↓↓↓

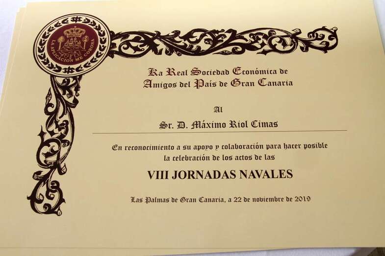 Al autor de la escultura monumento inaugurado el martes 12 de noviembre, escultor Máximo Riol Cimas, quien recibe el Diploma de manos del director de la Real Sociedad Económica, don Tomás Van de Walle Sotomayor. Otra empresa que tradicionalmente apoyan las Jornadas decididamente, es Repnaval Zamakona, Diploma que entrega don Luis Ibarra a don Roberto Reyes Alzola. Capitán de Navío don José Ramón Vallespín que impartió la conferencia de inauguración. A todos las personalidades, instituciones y empresas ausentes en este acto se le hará llegar sus diplomas acreditativos.
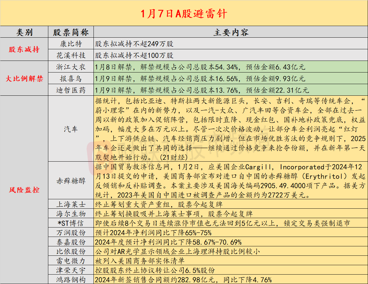 导读:财联社1月7日发布投资避雷针报告,详细梳理了A股及海外市场潜在风险事件。国内经济方面,超30家汽车品牌新年集体降价,打响2025年“价格战”;同时,美国对进口自中国的赤藓糖醇发起双反调查。公司预警方面,海尔生物终止筹划换股吸并上海莱士事项,股票复牌;*ST博信面临交易类强制退市风险。海外市场,美股三大指数涨跌互现,纳斯达克中国金龙指数收跌;特朗普否认关税政策将缩水报道。
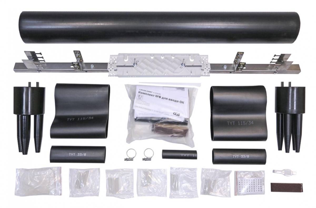 - муфты поставляются с одной кассетой К4845 и комплектами трубок ТУТ для ввода двух кабелей;
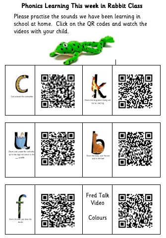 Practise c k u b f at home. Click on the QR codes to watch videos with Fred the Frog.

↑↑↑

## Work to be completed
In the data, the line that contains "导读:财联社1月7日发布投资" begins the part to write out; restate it and each line after it word for word through the end, with no pictures.

## Written response
 导读:财联社1月7日发布投资避雷针报告,详细梳理了A股及海外市场潜在风险事件。国内经济方面,超30家汽车品牌新年集体降价,打响2025年“价格战”;同时,美国对进口自中国的赤藓糖醇发起双反调查。公司预警方面,海尔生物终止筹划换股吸并上海莱士事项,股票复牌;*ST博信面临交易类强制退市风险。海外市场,美股三大指数涨跌互现,纳斯达克中国金龙指数收跌;特朗普否认关税政策将缩水报道。
 - муфты поставляются с одной кассетой К4845 и комплектами трубок ТУТ для ввода двух кабелей;
 Practise c k u b f at home. Click on the QR codes to watch videos with Fred the Frog.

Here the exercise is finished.